Zhang Joe, Budhdeo Sanjay, William Wasswa, Cerrato Paul, Shuaib Haris, Sood Harpreet, Ashrafian Hutan, Halamka John, Teo James T
Institute of Global Health Innovation, Imperial College London, London, UK.
Department of Critical Care, Guy's and St. Thomas' NHS Foundation Trust, London, UK.
NPJ Digit Med. 2022 Sep 15;5(1):143. doi: 10.1038/s41746-022-00690-x.
Substantial interest and investment in clinical artificial intelligence (AI) research has not resulted in widespread translation to deployed AI solutions. Current attention has focused on bias and explainability in AI algorithm development, external validity and model generalisability, and lack of equity and representation in existing data. While of great importance, these considerations also reflect a model-centric approach seen in published clinical AI research, which focuses on optimising architecture and performance of an AI model on best available datasets. However, even robustly built models using state-of-the-art algorithms may fail once tested in realistic environments due to unpredictability of real-world conditions, out-of-dataset scenarios, characteristics of deployment infrastructure, and lack of added value to clinical workflows relative to cost and potential clinical risks. In this perspective, we define a vertically integrated approach to AI development that incorporates early, cross-disciplinary, consideration of impact evaluation, data lifecycles, and AI production, and explore its implementation in two contrasting AI development pipelines: a scalable "AI factory" (Mayo Clinic, Rochester, United States), and an end-to-end cervical cancer screening platform for resource poor settings (Paps AI, Mbarara, Uganda). We provide practical recommendations for implementers, and discuss future challenges and novel approaches (including a decentralised federated architecture being developed in the NHS (AI4VBH, London, UK)). Growth in global clinical AI research continues unabated, and introduction of vertically integrated teams and development practices can increase the translational potential of future clinical AI projects.
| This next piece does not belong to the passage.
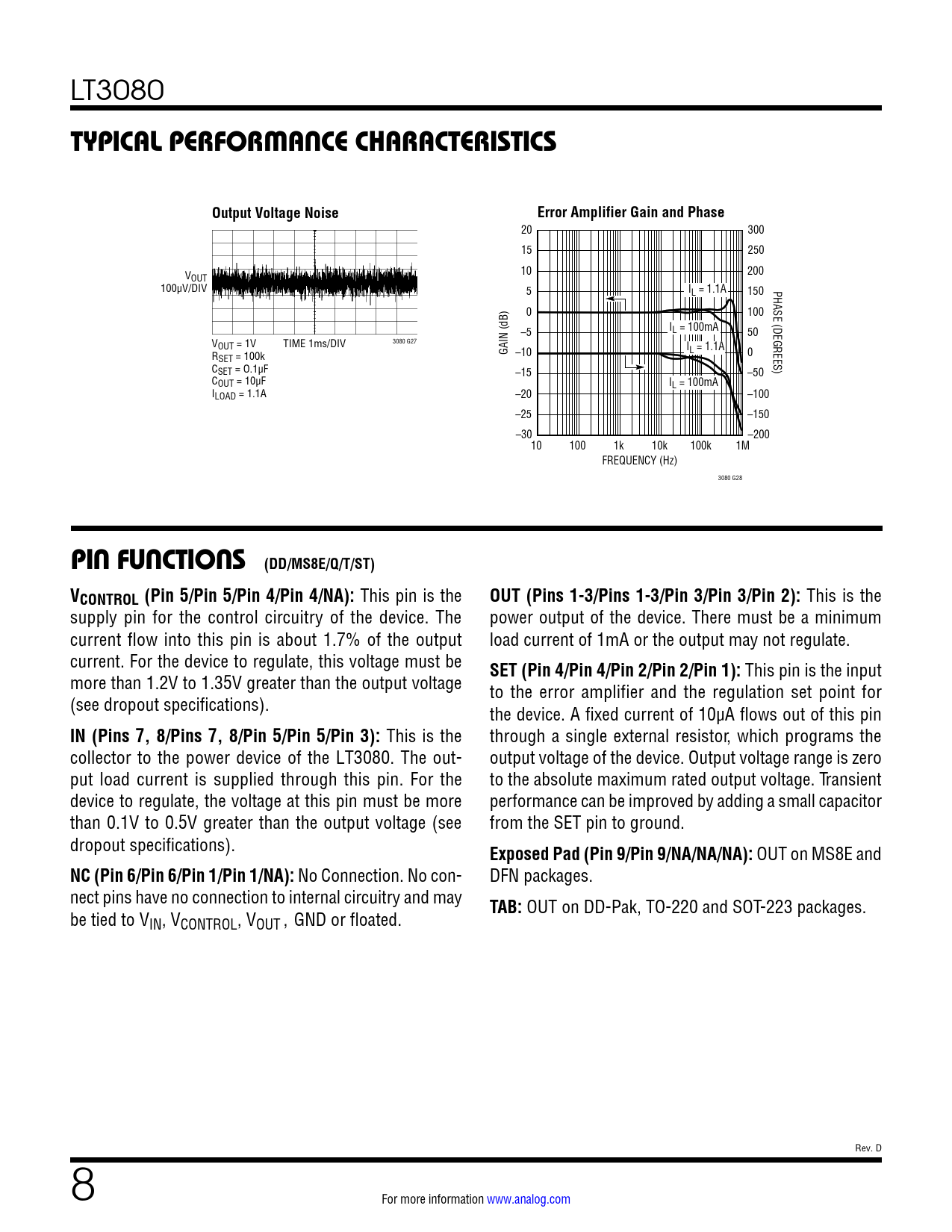 LT3080 TYPICAL PERFORMANCE CHARACTERISTICSOutput Voltage NoiseError Amplifier Gain and Phase 20 300 15 250 V 10 200 OUT 100µV/DIV I PHASE (DEGREES) 5 L = 1.1A 150 0 100 –5 IL = 100mA 50 TIME 1ms/DIV 3080 G27 VOUT = 1V I R GAIN (dB) –10 L = 1.1A 0 SET = 100k CSET = O.1µF –15 –50 COUT = 10µF IL = 100mA ILOAD = 1.1A –20 –100 –25 –150 –30 –200 10 100 1k 10k 100k 1M FREQUENCY (Hz) 3080 G28 PIN FUNCTIONS (DD/MS8E/Q/T/ST)VCONTROL (Pin 5/Pin 5/Pin 4/Pin 4/NA): This pin is the OUT (Pins 1-3/Pins 1-3/Pin 3/Pin 3/Pin 2): This is the supply pin for the control circuitry of the device. The power output of the device. There must be a minimum current flow into this pin is about 1.7% of the output load current of 1mA or the output may not regulate. current. For the device to regulate, this voltage must be SET (Pin 4/Pin 4/Pin 2/Pin 2/Pin 1): This pin is the input more than 1.2V to 1.35V greater than the output voltage to the error amplifier and the regulation set point for (see dropout specifications). the device. A fixed current of 10µA flows out of this pin IN (Pins 7, 8/Pins 7, 8/Pin 5/Pin 5/Pin 3): This is the through a single external resistor, which programs the collector to the power device of the LT3080. The out- output voltage of the device. Output voltage range is zero put load current is supplied through this pin. For the to the absolute maximum rated output voltage. Transient device to regulate, the voltage at this pin must be more performance can be improved by adding a small capacitor than 0.1V to 0.5V greater than the output voltage (see from the SET pin to ground. dropout specifications). Exposed Pad (Pin 9/Pin 9/NA/NA/NA): OUT on MS8E and NC (Pin 6/Pin 6/Pin 1/Pin 1/NA): No Connection. No con- DFN packages. nect pins have no connection to internal circuitry and may TAB: OUT on DD-Pak, TO-220 and SOT-223 packages. be tied to VIN, VCONTROL, VOUT , GND or floated. Rev. D 8 For more information www.analog.com Document Outline Features Applications Typical Application Description Absolute Maximum Ratings Pin Configuration Order Information Electrical Characteristics Typical Performance Characteristics Pin Functions Block Diagram Applications Information Output Voltage Stability and Output Capacitance Paralleling Devices Thermal Performance Quieting the Noise Overload Recovery Load Regulation Thermal Considerations T Package, 5-Lead TO-220 Calculating Junction Temperature Reducing Power Dissipation Typical Applications Package Description Revision History Typical Application Related Parts

对临床人工智能(AI)研究的大量关注和投资并未带来广泛的成果转化,即未能广泛应用于实际部署的AI解决方案。目前的关注点集中在AI算法开发中的偏差和可解释性、外部有效性和模型通用性,以及现有数据中缺乏公平性和代表性。虽然这些考量非常重要,但它们也反映了已发表的临床AI研究中以模型为中心的方法,该方法侧重于在最佳可用数据集上优化AI模型的架构和性能。然而,即使是使用最先进算法构建的强大模型,一旦在现实环境中进行测试,也可能会失败,原因包括现实世界条件的不可预测性、数据集外的情况、部署基础设施的特点,以及相对于成本和潜在临床风险而言,对临床工作流程缺乏附加值。从这个角度来看,我们定义了一种垂直整合的AI开发方法,该方法早期就跨学科地考虑影响评估、数据生命周期和AI生产,并在两个截然不同的AI开发流程中探索其实施:一个可扩展的“AI工厂”(美国罗切斯特市梅奥诊所),以及一个针对资源匮乏地区的端到端宫颈癌筛查平台(乌干达姆巴拉拉市的Paps AI)。我们为实施者提供了实用建议,并讨论了未来的挑战和新方法(包括英国国家医疗服务体系(NHS,英国伦敦)正在开发的去中心化联邦架构(AI4VBH))。全球临床AI研究的增长仍在持续,引入垂直整合的团队和开发实践可以提高未来临床AI项目的转化潜力。